Mr Ahern was speaking after a meeting with Sinn Féin president Gerry Adams in Dublin this morning.
“I’m quite clear this morning from the meeting I’ve had with the leadership of Sinn Féin that they want to do it this week,” he said.
“We’ll obviously be keeping in touch with the DUP – I hope that they want to do it – and I detect that the public certainly does.”
The Irish and British governments published their proposals for restoring power-sharing last week, but the deal was put on hold due to ongoing disagreement about IRA decommissioning.
The DUP, backed by the two governments, has demanded photographic evidence of the IRA destroying its weapons.
However, Sinn Féin is vehemently resisting such a move, saying it would be used by DUP leader Ian Paisley as a means to humiliate republicans.
Speaking after today’s talks, Mr Adams said the idea of photographs was still out of the question.
Mr Ahern said it would be “insanity” at this stage not to find a way of settling all the issues.
“We were happy with John de Chastelain,” he said. “Then there was the issue of further witnesses, we were happy with that.
“We had the issue of photographs and that’s not workable so we have to try to find some other way.”
Mr Ahern stressed that decommissioning was ready to happen but no progress would be made unless there was a comprehensive deal.
Both the British and Irish governments would have been satisfied with the deal as it was laid on the table to the DUP and Sinn Féin last week.

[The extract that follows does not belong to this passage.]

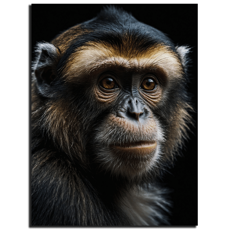 De afbeelding toont een gedetailleerd portret van een aapje, vastgelegd met een gefocuste blik in zijn ogen en een serieuze uitdrukking op zijn gezicht. Met zijn doelgerichte houding en vastberaden trekken, weet het aapje de aandacht te trekken en een gevoel van vastberadenheid over te brengen.
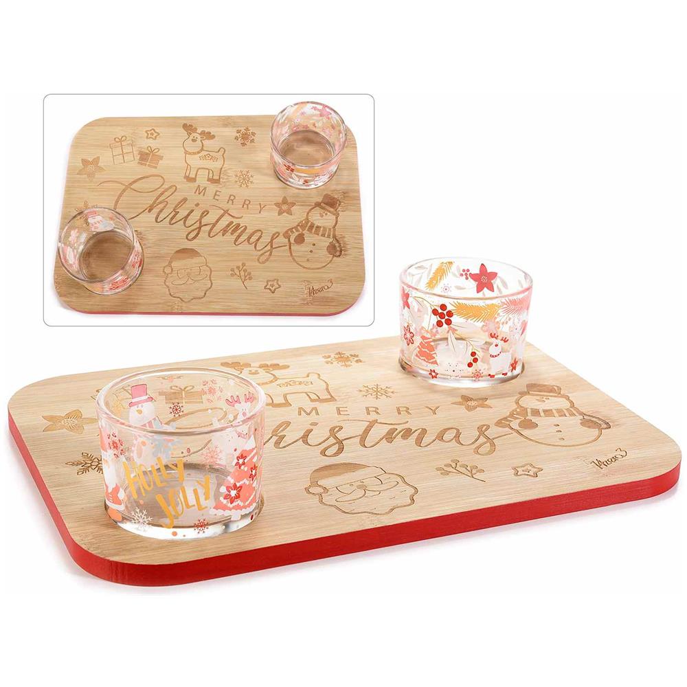Piatti Natalizi Per Aperitivi E Antipasti Set Da 2 Vassoi In Legno Con Ciotole In Vetro Decorazione Natalizia Per La Tavola

He said the issues regarding criminality and paramilitary activity were “not that much different” to those set out last October.
Hopes of reaching an agreement to revive the political institutions were shattered last week when the deal unravelled.
Mr Ahern said: “We were very close last Wednesday. There are one or two issues that have to be resolved and we believe it’s possible to resolve these.”